How to choose an in vitro maturation (IVM) program

A patient recently asked me to describe what training I had had in IVM. I related what I had done over the last few years to develop our IVM program, but realized that this patient’s question was really the more difficult one of how to evaluate and compare the programs that perform in vitro maturation.

First of all, it is difficult to even find a program experienced in doing in vitro maturation. We have been doing in vitro maturation for only four years, yet I don't know of any programs in the United States that have a larger experience than us. In the context of the world, there are a number of programs that I can name, but in the United States, IVM has not yet caught on.

United States IVF data reporting (mandated legally through the Center for Disease Control) does not separately report the results of IVM cycles.  The CDC clollects and excludes them.  SART collects and mixes the results in with conventional IVF data. There is no standardized reporting method in the United States that provides any information about IVM. (Europe is a bit better.) Different programs use different criteria for choosing patients to undergo IVM, but the majority are younger women (ages under 30, 35 or 38 are the usual cutoffs) with a large number of visible small cysts in their ovaries on ultrasound (high antral follicle count). Most of these patients have some variant of polycystic ovaries (PCOS).  Oxford University published results on a series of patients treated with IVM who did not have PCOS.
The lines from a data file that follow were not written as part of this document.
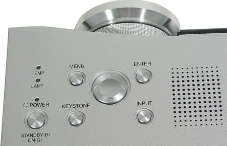 У проектора только один ИК-приемник, расположенный на передней панели, но для домашнего использования это не является особым недостатком, так как даже на севших батарейках устойчивая связь наблюдалась, когда от пульта до экрана и от экрана до проектора в сумме было 7 м.
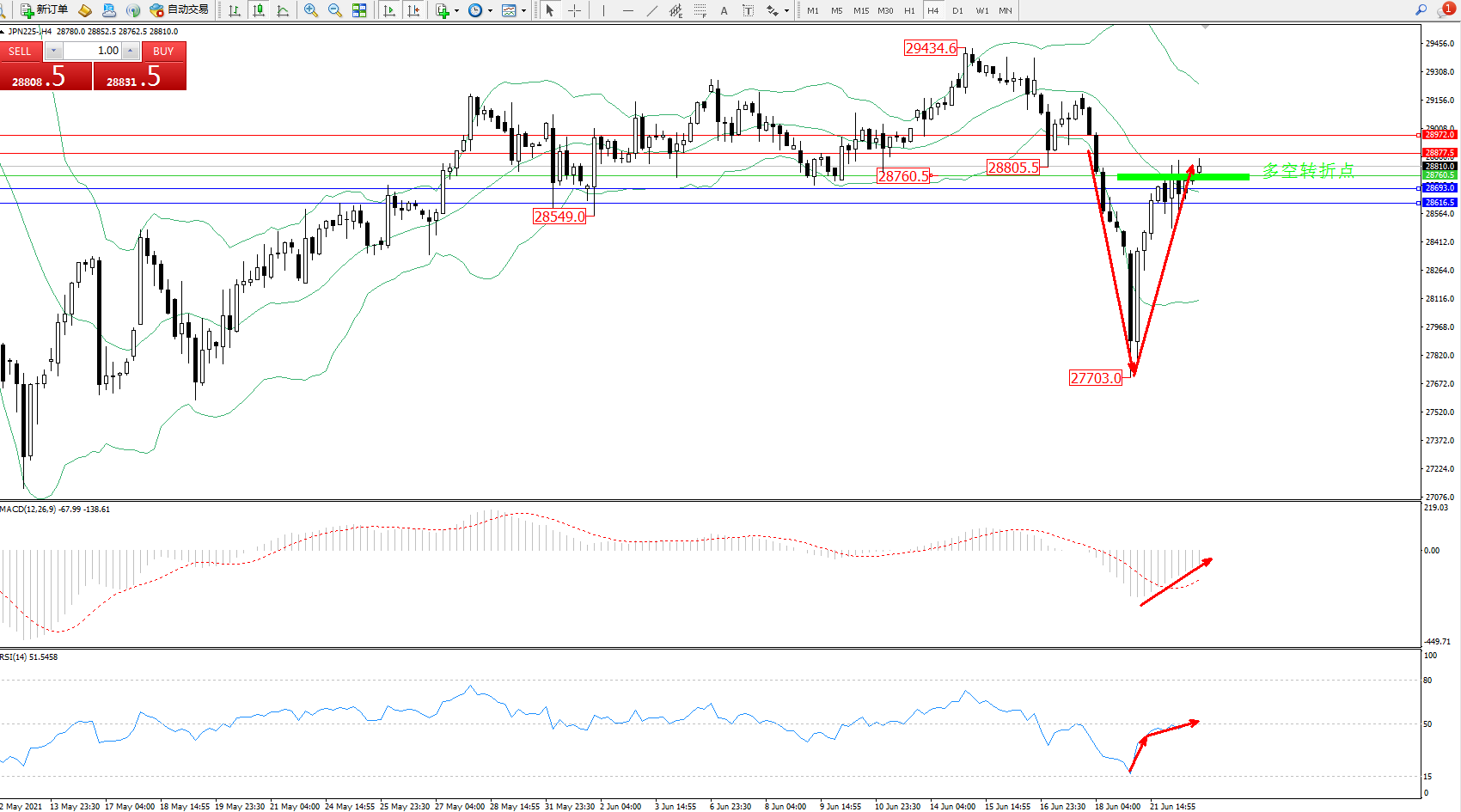 技术点评:空头动力急速下挫后,抵达27703位置强势回升中,呈V型反转态势不断上扬至布林带指标中轨附近后开始短暂震荡,多头动力有继续拉升态势,处于中上轨区间震荡上行,布林带指标呈收口走势持续中,MACD指标处于0轴线下方空头区域低位震荡不断上扬,RSI指标处于空头区域低位震荡上移至50均衡线附近弱势徘徊中;
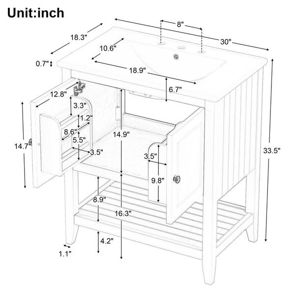 30 in. W x 18.3 in. D x 33.5 in. H Bathroom Gray Linen Cabinet
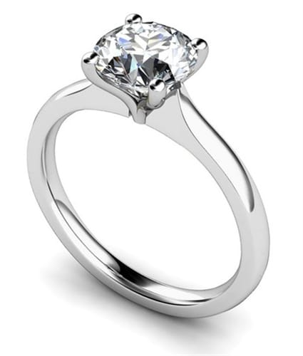 Cette bague en pierre unique a continué d’être un design extrêmement populaire auprès de nos clients. Un diamant de taille ronde se trouve dans un cadre à quatre griffes, avec des épaules effilées. Cette conception est simple mais frappante, attirant les clients encore et encore.
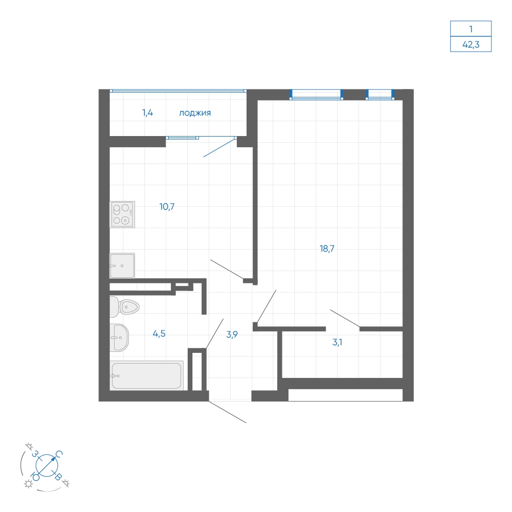 1-ком, 42.30 кв.м., 26/32эт.
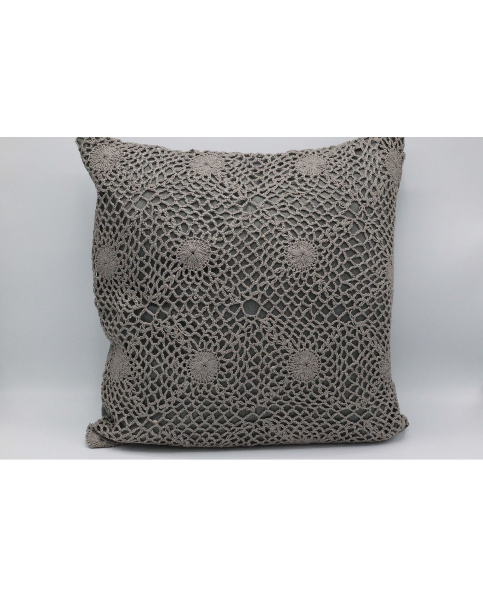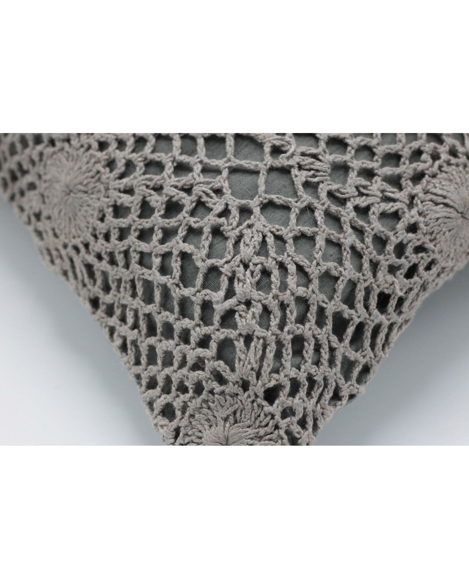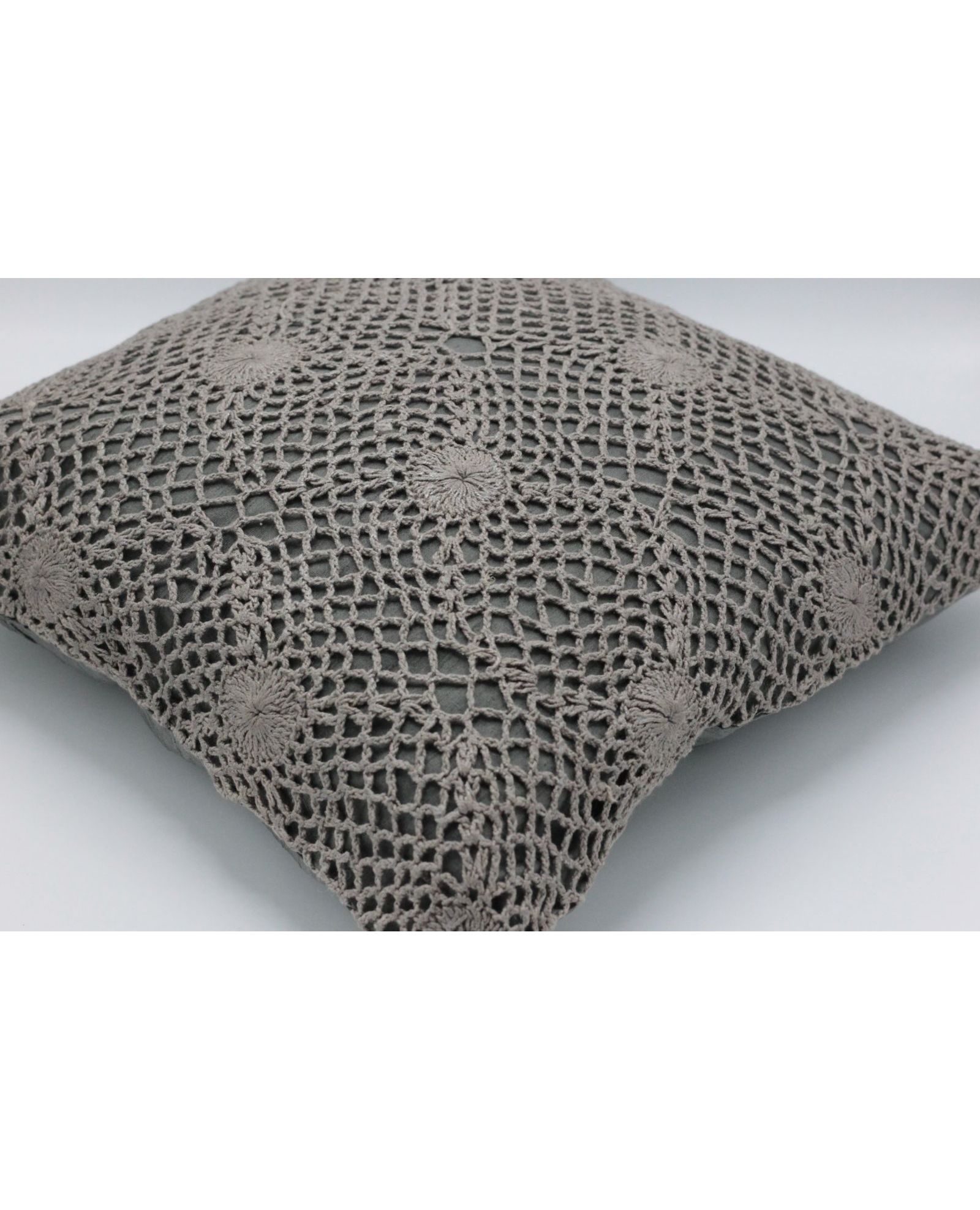 Декоративна наволочка 40х40 см з ажурною в’язкою сірого кольору

Success rates and other assessments with in vitro maturation should use similar patients undergoing conventional IVF as a basis for comparison. Given the small number of patients undertaking IVM, this is very difficult to do. Patients with PCO generally do better with conventional IVF than patients doing IVF for other reasons. They also have more side effects from the medications and are the subgroup of patients at greatest risk for severe ovarian hyperstimulation syndrome.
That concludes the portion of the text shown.